One thing good about the holiday season is that one feels happy about one’s own grumpiness. All the stress of experiencing cheerful things, the boredom of shopping trips, the mental anxiety of trying to say something less like holiday cliches can add up and make anybody grumpy. But we tell ourselves, “it’s a holiday. We are entitled to be a little grumpy here and there.”
Actually New Jersey is much better than Pennsylvania as far as holiday music goes, probably because NJ has a much more diverse population. When I was living in Pennsylvania, the holiday music is everywhere–radios, shopping malls, gathering places, TV etc. There’s no escape from it. They are wonderful music, no doubt, but it can make one feel like going to a concert and listening to one song over and over again.
It’s time to greet friends and relatives, if not in person, at least through social media. I always do very boring greetings and have never been able to come up with really good, witty, interesting, unique things to say. My inadequacy is obvious. It makes me think how stressful it had been for those people of Tang Dynasty during holiday seasons. In those days, everybody had to write poems for every occasion. Just think about how much of a burden this is for people during holidays when one has to come up with a different poem for every greeting, every excuse, every party, every ceremony, every fight with relatives. One can write oneself mad before the holiday is over.

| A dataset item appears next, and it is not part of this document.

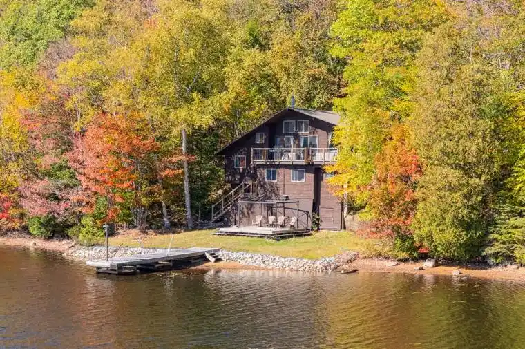 Embrace tranquility and beauty of the largest lake in Haliburton, especially in the northwest corner (i.e. Fletcher Bay) of Kawagama Lake, where few boats travel. This inviting property with a sunny south exposure and 200 feet of shoreline is located beside 100 feet of CROWN LAND, which also wraps around to the rearof the subject property for added PRIVACY. The multi-level B.C. cedar-sided cottage has been lovingly cared for and maintained. The cosy main living area is lofted with a 14′ ceiling, bright and open. There’s nice warmth and ambiance created by a fireplace in the living area. Nature and its captivating presence pour in through many large windows. The living area has a fireplace and walkouts to various sun decks. There are 2 bathrooms and 3 lower level bedrooms. The lake has excellent fishing opportunities for bass & trout. The crown land has a network of trails nearby, ideal for hiking, snowshoeing, ATVing, snowmobiling and so much more for those who like to be active in the wild outdoors of Algonquin Highlands. The charming town of Dorset is only 15 minutes away, which is 2.5 hrs from Toronto. The road that Ivy Lane branches off is kept open 4-seasons. This is a special cottage and property with many appealing features in a very desirable location!

I have to prepare for those days after the holiday because everybody is packing up several pounds on holiday food. What am I going to say when I meet a friend who’s chubbier than before? I can’t say, “you put on five pounds at least.” That’s definitely not going to work. Too negative. I can’t say, “don’t worry about the waistline. Just continue to eat more for Christmas.” This sounds like gloating, almost wishing people to gain weight to take pressure off oneself. How about “look, we all gain pounds. Holidays. What can I say?” This will only work on acquaintance of equal body built and equal weight gain. For example, this cannot work for E, who is always slimmer than everybody else around her. I can just imagine E secretly laugh at me if I say this. She would jeer at my attempt of trying to elevate myself to her level of slimness.

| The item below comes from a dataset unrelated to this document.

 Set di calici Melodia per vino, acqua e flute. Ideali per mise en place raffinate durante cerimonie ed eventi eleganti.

“You were a grumpy baby.” My Grandma said, “you sulked when I scolded you when you were several weeks old.” I stared at her in disbelief. My diligent superwoman grandma could never understand me. I was probably born a philosopher and was trying to pronounce one or two profound terms that my baby tongue couldn’t manage. And she seized the opportunity to scold my philosophical talent away, most likely forever–the proof being my non-philosophical self right now. She raised 9 children and 2 grandchildren, a superhuman effort. How much damage she had done to each of us?